## TASK STATEMENT:
Please set down, with no changes, every line of the material below from the one containing "A poster for" through the end. Skip the pictures.

## DATA EXTRACT:
=-=-=
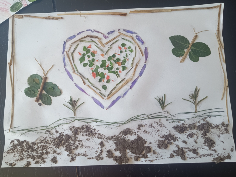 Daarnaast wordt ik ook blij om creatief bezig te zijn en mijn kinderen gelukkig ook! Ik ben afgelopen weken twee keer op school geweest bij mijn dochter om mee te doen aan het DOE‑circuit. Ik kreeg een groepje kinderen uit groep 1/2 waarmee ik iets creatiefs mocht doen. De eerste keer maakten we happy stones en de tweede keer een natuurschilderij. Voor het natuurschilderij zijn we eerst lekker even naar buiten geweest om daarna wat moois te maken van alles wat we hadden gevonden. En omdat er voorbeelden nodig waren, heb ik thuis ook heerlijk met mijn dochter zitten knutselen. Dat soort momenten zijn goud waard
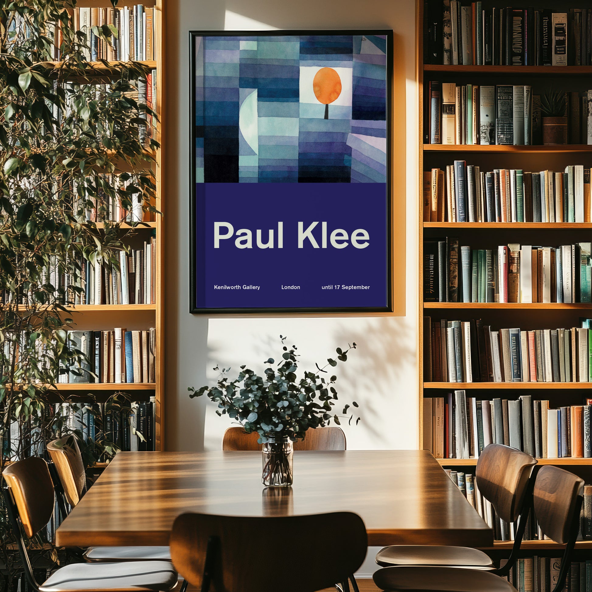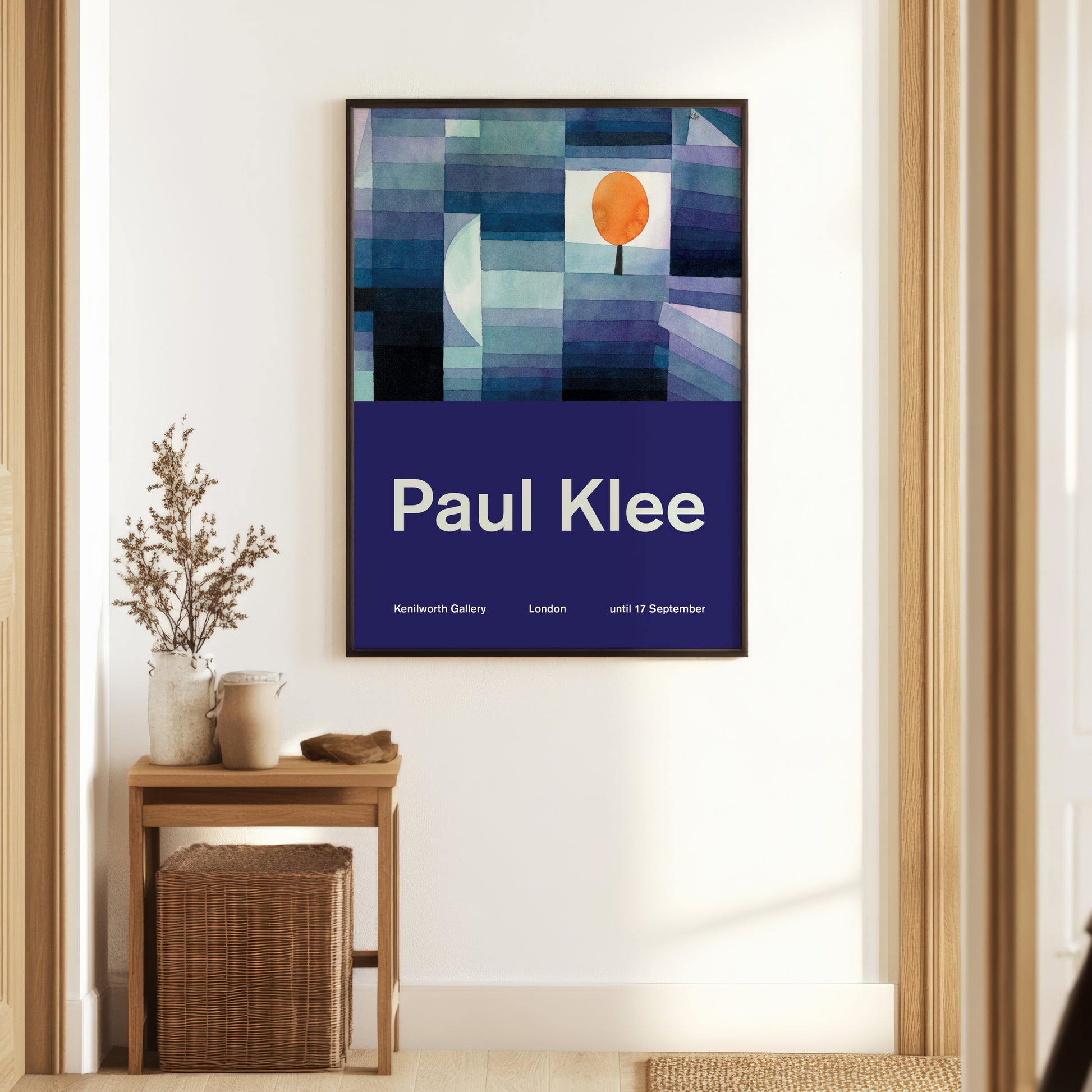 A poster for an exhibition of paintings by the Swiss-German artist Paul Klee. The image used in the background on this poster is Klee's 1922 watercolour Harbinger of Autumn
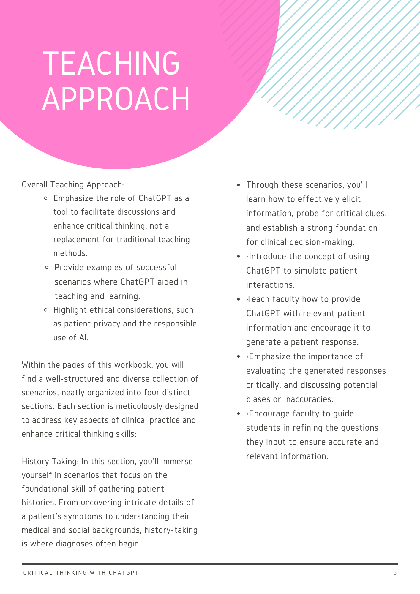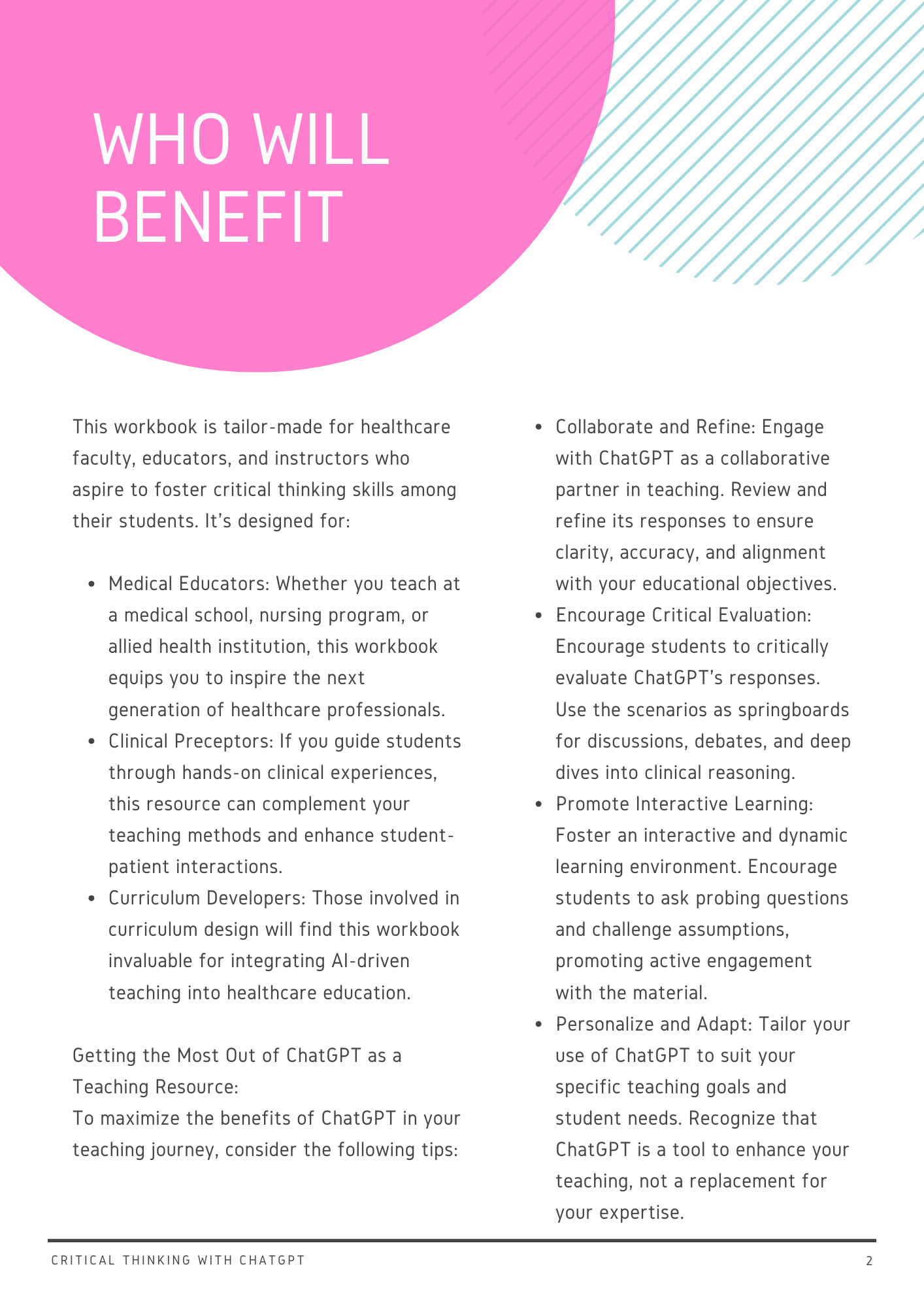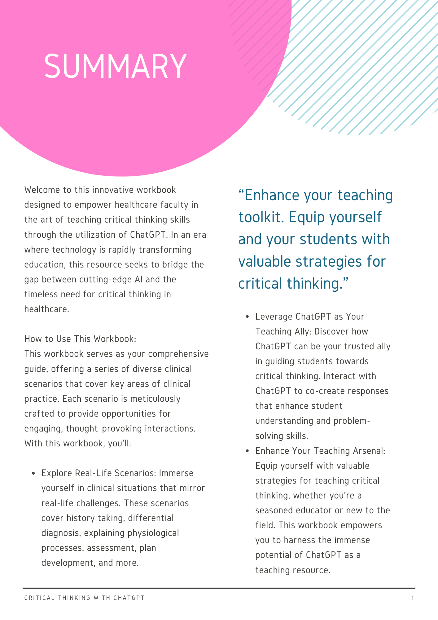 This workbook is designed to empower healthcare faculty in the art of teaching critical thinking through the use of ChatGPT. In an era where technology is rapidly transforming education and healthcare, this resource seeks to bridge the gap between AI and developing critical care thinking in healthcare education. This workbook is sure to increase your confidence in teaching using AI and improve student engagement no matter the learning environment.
=-=-=
## THE ANSWER:
 A poster for an exhibition of paintings by the Swiss-German artist Paul Klee. The image used in the background on this poster is Klee's 1922 watercolour Harbinger of Autumn
 This workbook is designed to empower healthcare faculty in the art of teaching critical thinking through the use of ChatGPT. In an era where technology is rapidly transforming education and healthcare, this resource seeks to bridge the gap between AI and developing critical care thinking in healthcare education. This workbook is sure to increase your confidence in teaching using AI and improve student engagement no matter the learning environment.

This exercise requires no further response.